AIM OF THE TASK: An image-free, exact copy of the records below is required.

━━━━━━━━━━━━━━━━━━━━━━━━━━━━━━

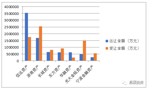 圖中數據為持牌AMC在整個不良市場所有收包、出包金額統計。從對比數據上看,僅信達資產和華融資產出讓金額>受讓金額;長城資產收、出包金額相對平衡。
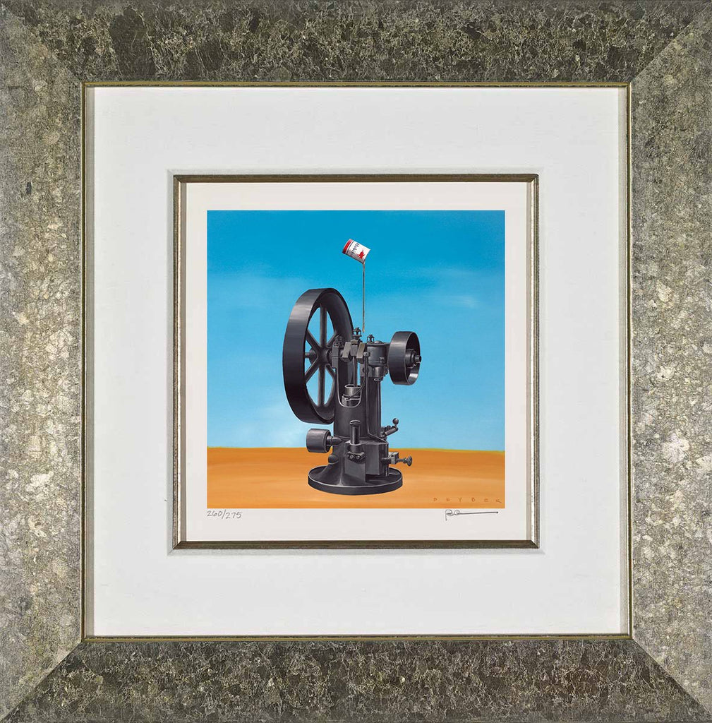 "The Well Oiled Machine" is a 9.5 x 9 -inch Robert Deyber Lithograph. "The Well Oiled Machine" comes framed, signed and with a certificate of authenticity.
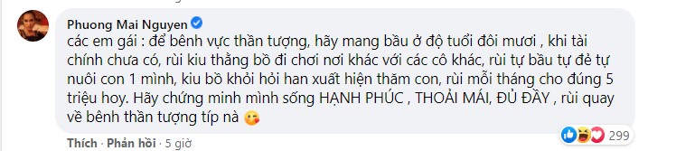 Trước phản ứng trái chiều này, MC Phương Mai đã nhanh chóng lên tiếng phản hồi. Ngay dưới status gây tranh cãi, cô viết: "Bố có tiền mua đồ hiệu mà để con mình và mẹ của con mình phải chật vật là sống lỗi quá rồi", "Các em gái: Để bênh vực thần tượng, hãy mang bầu ở độ tuổi đôi mươi khi tài chính chưa có, rồi kêu thằng bồ đi chơi nơi khác với các cô khác, rồi tự bầu tự đẻ tự nuôi con 1 mình, kêu bồ khỏi hỏi han xuất hiện thăm con, rồi mỗi tháng cho đúng 5 triệu. Hãy chứng minh mình sống HẠNH PHÚC , THOẢI MÁI, ĐỦ ĐẦY, rồi quay về bênh thần tượng tiếp nè", "Loại đàn ông vô trách nhiệm trên đời rất nhiều và phải bị lên án. Phụ nữ quá khổ rồi không cần khổ hơn nha em!".
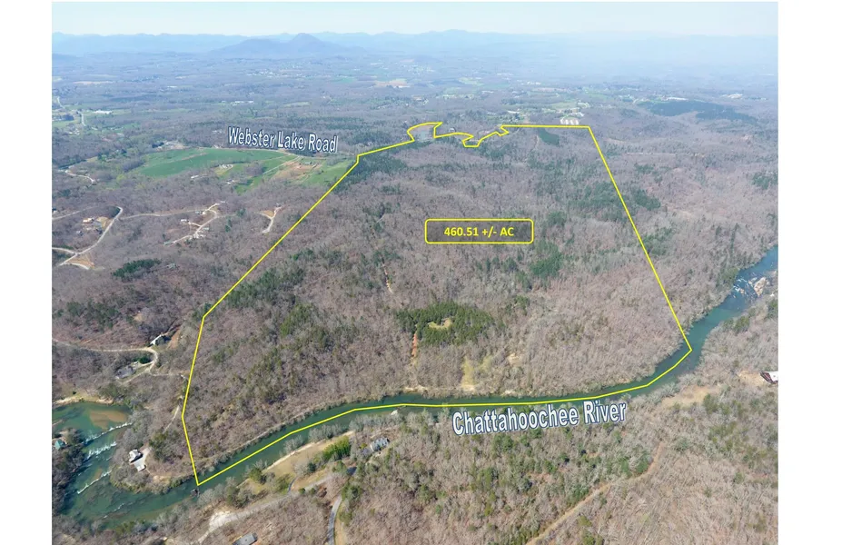 The Norton Commercial Group is proud to present this beautiful riverfront acreage tract in southeast White County, GA. This is the perfect recreational or gentlemans estate tract with all the natural amenities to match. The offering consists of roughly 460 acres, mostly wooded and rolling land along with a 21 +/- acre lake at entrance of the property. Webster Lake was created by damming White Creek providing beautiful water features and a great recreational amenity. There is a total of 3,350+/- of frontage on the scenic Chattahoochee River with open event space and river access. Totaling just over 460 acres, this tract is one of the largest privately held contiguous tracts left in all of White County. Excellent road infrastructure throughout the entire property allowing 4-wheel drive travel to most of the Chattahoochee River frontage and multiple access points on either side of White Creek. Several riverside, creek-side and waterfall viewing home sites throughout the property. Currently Zoned A-1. Electricity, Cable, Telephone, Well Water available. There is a 7,000 SF home with 5 acres on Webster lake that is not included in this offering but could potentially be packaged into a sale. You won't find an acre property with more features in one parcel! So much value with tremendous long term potential. Nestled in the foothills of the Blue Ridge mountains, on the Chattahoochee River, this one-of-a-kind property is located at the intersection of Webster Lake Rd and Stephens Dr. 1,150' of frontage on Webster Lake Rd and full access on Stephens Drive. Property has easy access to Cleveland, GA and is a quick hour drive from almost anywhere in Metro Atlanta.
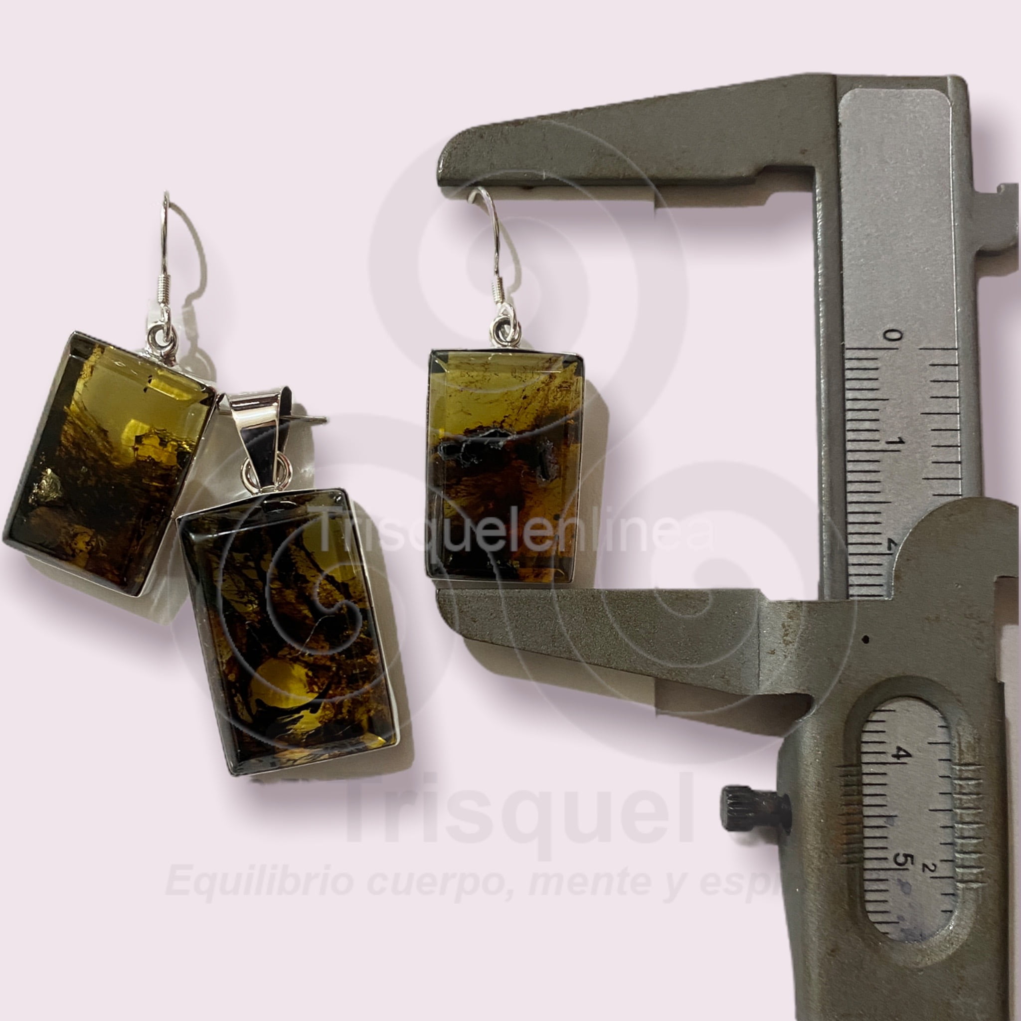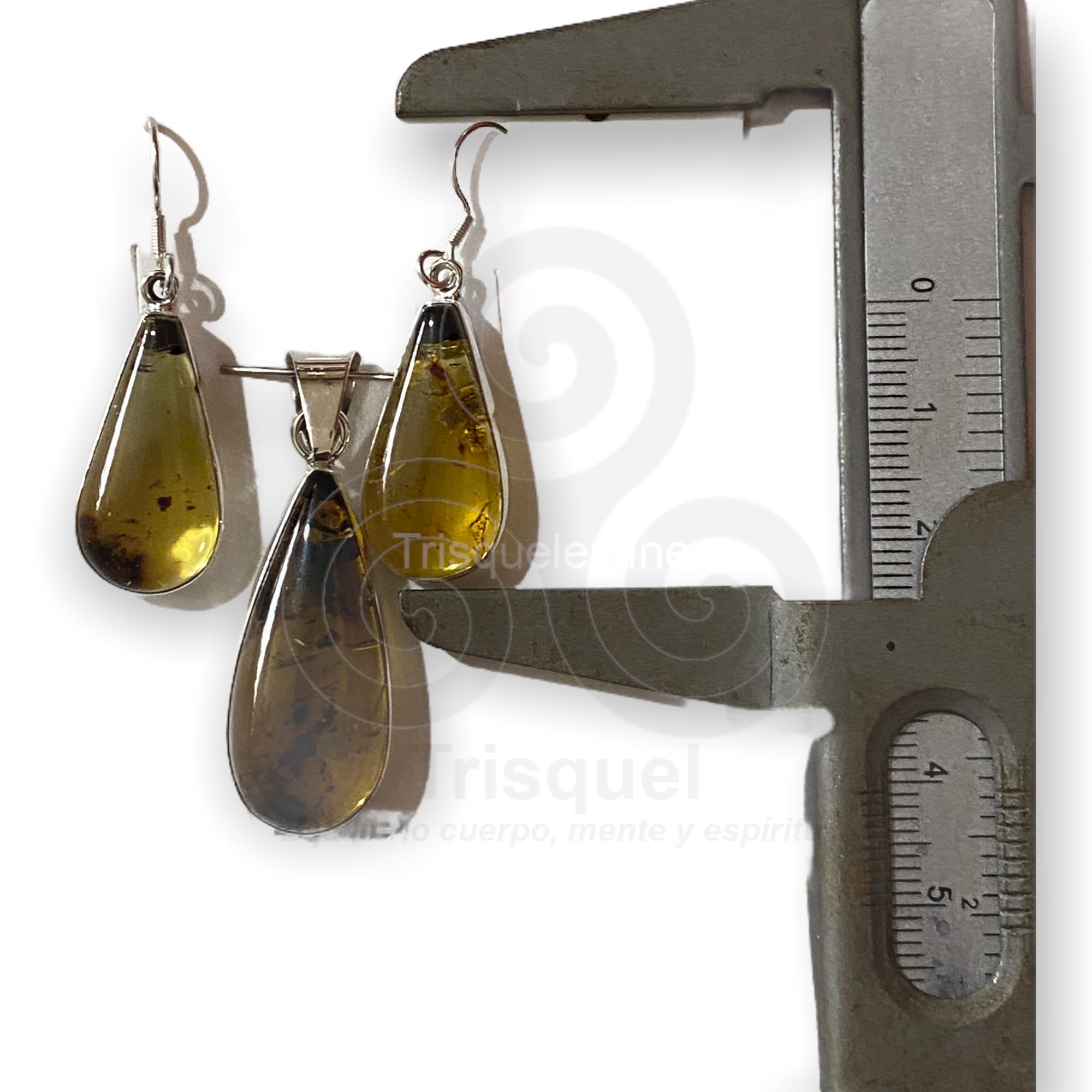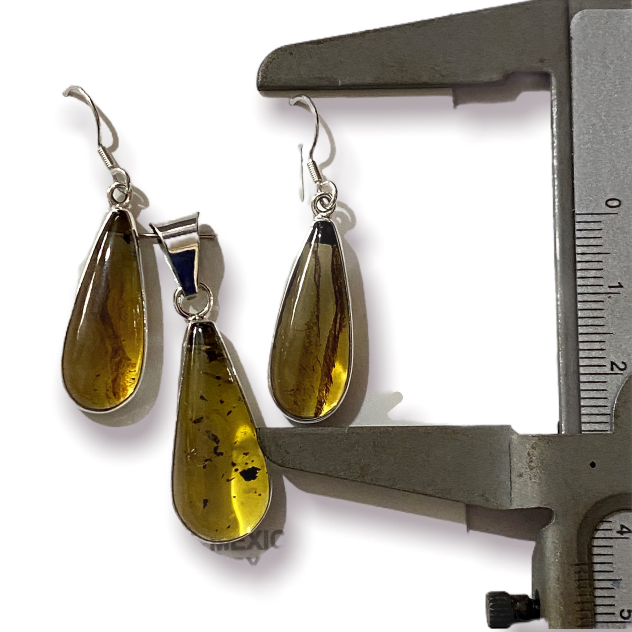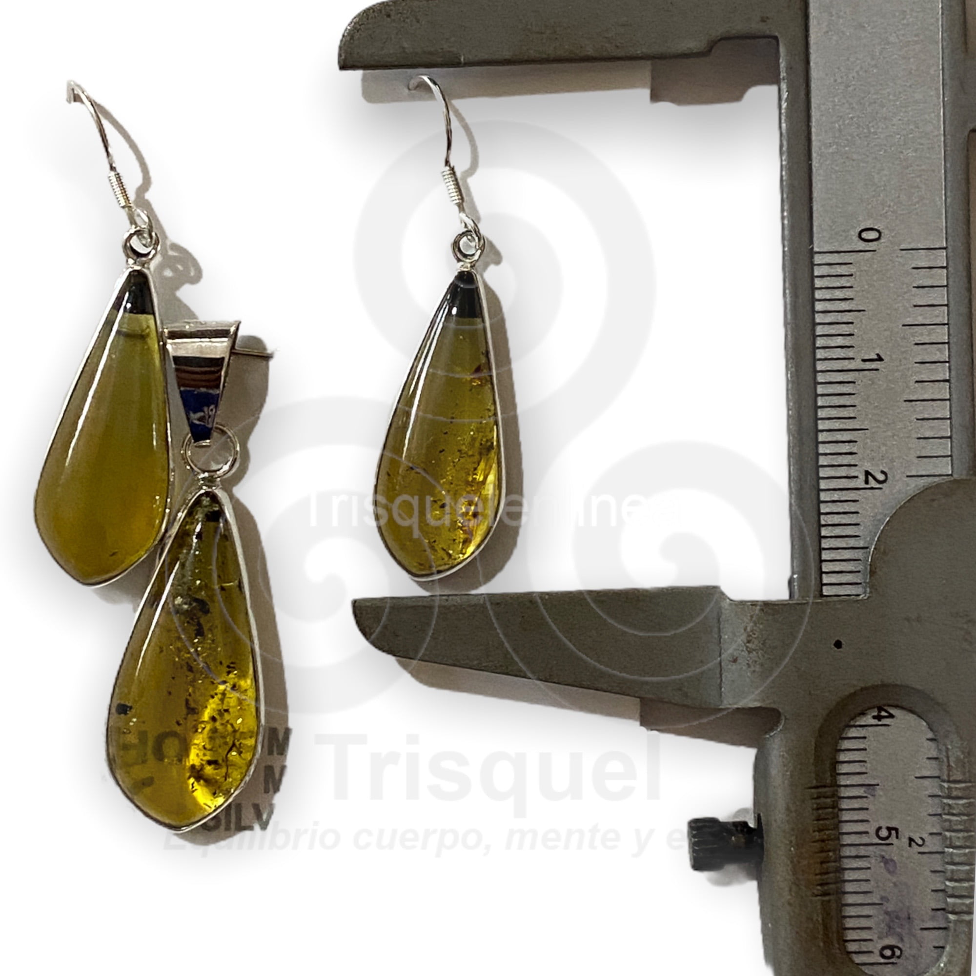 Hermosas piezas de ambar engarzadas en plata ley 925. El conjuto consta de:
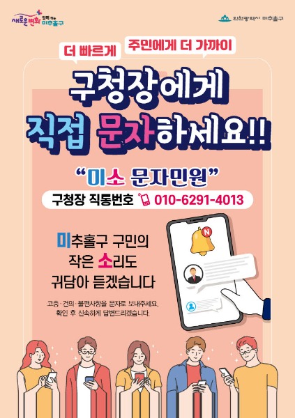 인천시 미추홀구는 9월 1일부터 인천시 최초 구청장 직통 문자민원 서비스 '미소 문자민원'을 운영한다고 밝혔다.
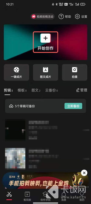 2、以剪映这款剪辑app为例,打开剪映,在首页点击【开始创作】;
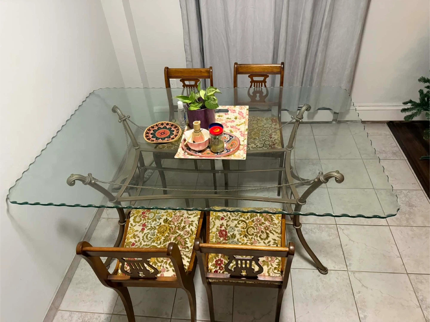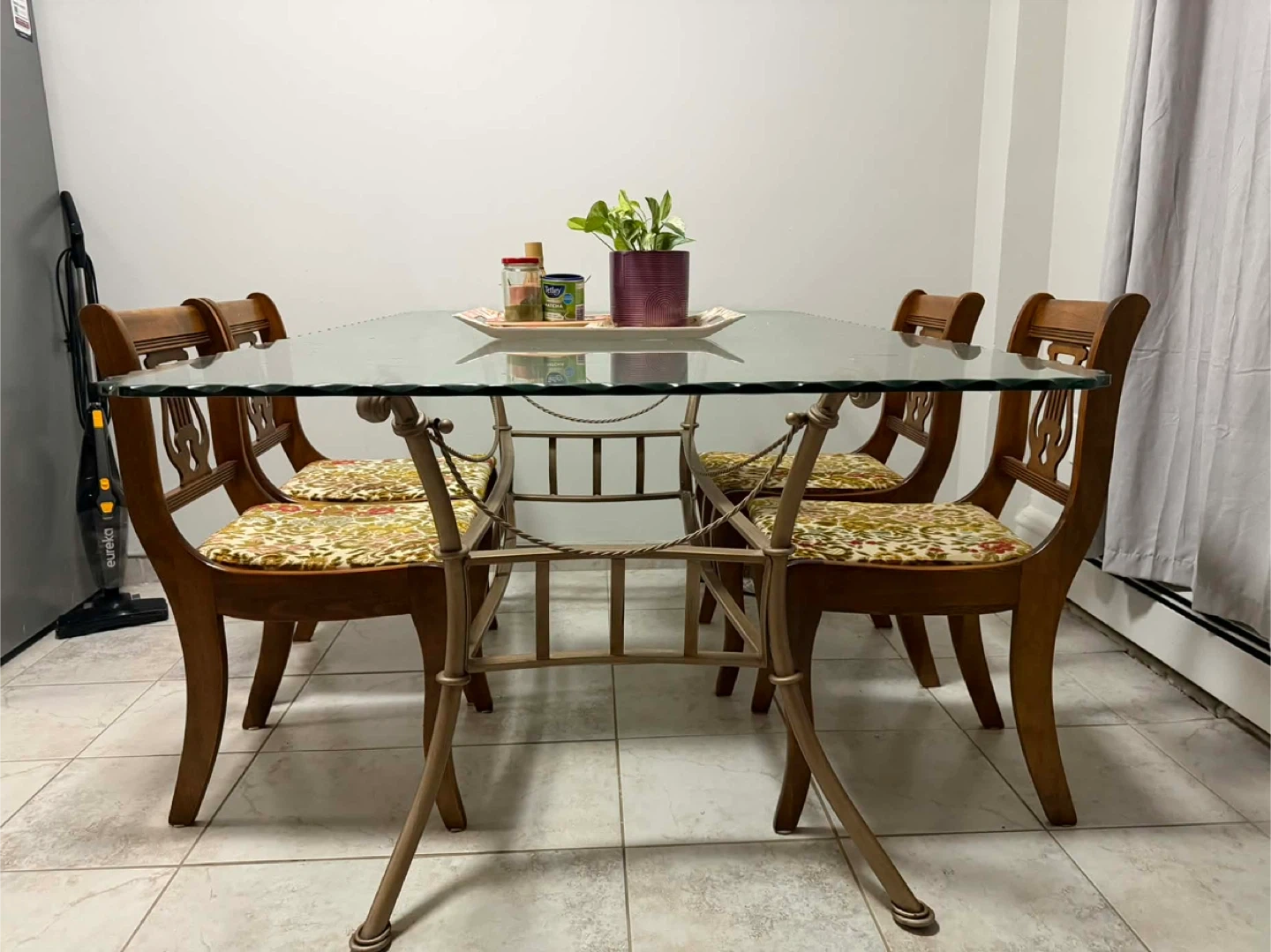 This dining set features a clear glass tabletop with a decorative metal base. It includes four wooden chairs with upholstered seats in a floral pattern. Perfect for smaller dining spaces or as an accent piece.
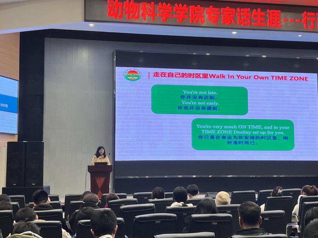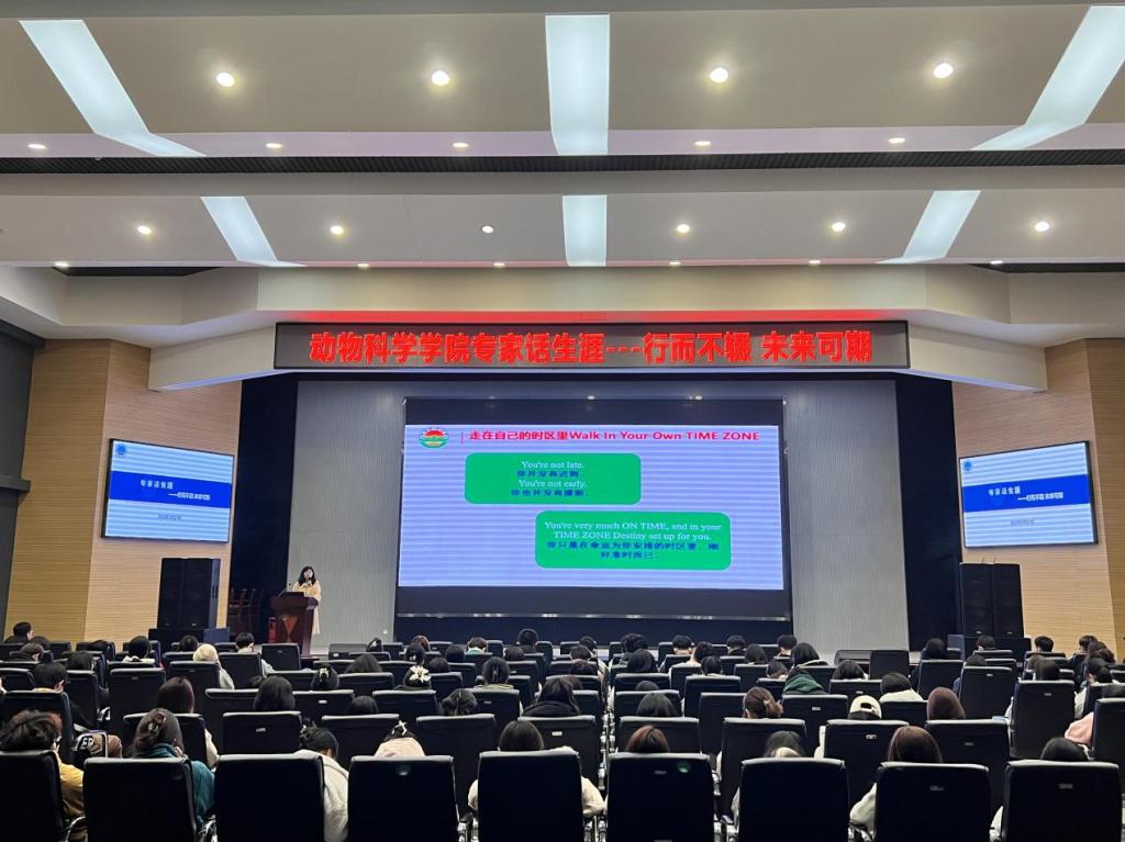 活动伊始,动物科学学院22级辅导员宋宇航老师为同学们介绍了彭墨博士的学习经历以及所取得的成就,随后由彭墨博士上台分享了她的心路历程。

━━━━━━━━━━━━━━━━━━━━━━━━━━━━━━

RESPONSE:
 圖中數據為持牌AMC在整個不良市場所有收包、出包金額統計。從對比數據上看,僅信達資產和華融資產出讓金額>受讓金額;長城資產收、出包金額相對平衡。
 "The Well Oiled Machine" is a 9.5 x 9 -inch Robert Deyber Lithograph. "The Well Oiled Machine" comes framed, signed and with a certificate of authenticity.
 Trước phản ứng trái chiều này, MC Phương Mai đã nhanh chóng lên tiếng phản hồi. Ngay dưới status gây tranh cãi, cô viết: "Bố có tiền mua đồ hiệu mà để con mình và mẹ của con mình phải chật vật là sống lỗi quá rồi", "Các em gái: Để bênh vực thần tượng, hãy mang bầu ở độ tuổi đôi mươi khi tài chính chưa có, rồi kêu thằng bồ đi chơi nơi khác với các cô khác, rồi tự bầu tự đẻ tự nuôi con 1 mình, kêu bồ khỏi hỏi han xuất hiện thăm con, rồi mỗi tháng cho đúng 5 triệu. Hãy chứng minh mình sống HẠNH PHÚC , THOẢI MÁI, ĐỦ ĐẦY, rồi quay về bênh thần tượng tiếp nè", "Loại đàn ông vô trách nhiệm trên đời rất nhiều và phải bị lên án. Phụ nữ quá khổ rồi không cần khổ hơn nha em!".
 The Norton Commercial Group is proud to present this beautiful riverfront acreage tract in southeast White County, GA. This is the perfect recreational or gentlemans estate tract with all the natural amenities to match. The offering consists of roughly 460 acres, mostly wooded and rolling land along with a 21 +/- acre lake at entrance of the property. Webster Lake was created by damming White Creek providing beautiful water features and a great recreational amenity. There is a total of 3,350+/- of frontage on the scenic Chattahoochee River with open event space and river access. Totaling just over 460 acres, this tract is one of the largest privately held contiguous tracts left in all of White County. Excellent road infrastructure throughout the entire property allowing 4-wheel drive travel to most of the Chattahoochee River frontage and multiple access points on either side of White Creek. Several riverside, creek-side and waterfall viewing home sites throughout the property. Currently Zoned A-1. Electricity, Cable, Telephone, Well Water available. There is a 7,000 SF home with 5 acres on Webster lake that is not included in this offering but could potentially be packaged into a sale. You won't find an acre property with more features in one parcel! So much value with tremendous long term potential. Nestled in the foothills of the Blue Ridge mountains, on the Chattahoochee River, this one-of-a-kind property is located at the intersection of Webster Lake Rd and Stephens Dr. 1,150' of frontage on Webster Lake Rd and full access on Stephens Drive. Property has easy access to Cleveland, GA and is a quick hour drive from almost anywhere in Metro Atlanta.
 Hermosas piezas de ambar engarzadas en plata ley 925. El conjuto consta de:
 인천시 미추홀구는 9월 1일부터 인천시 최초 구청장 직통 문자민원 서비스 '미소 문자민원'을 운영한다고 밝혔다.
 2、以剪映这款剪辑app为例,打开剪映,在首页点击【开始创作】;
 This dining set features a clear glass tabletop with a decorative metal base. It includes four wooden chairs with upholstered seats in a floral pattern. Perfect for smaller dining spaces or as an accent piece.
 活动伊始,动物科学学院22级辅导员宋宇航老师为同学们介绍了彭墨博士的学习经历以及所取得的成就,随后由彭墨博士上台分享了她的心路历程。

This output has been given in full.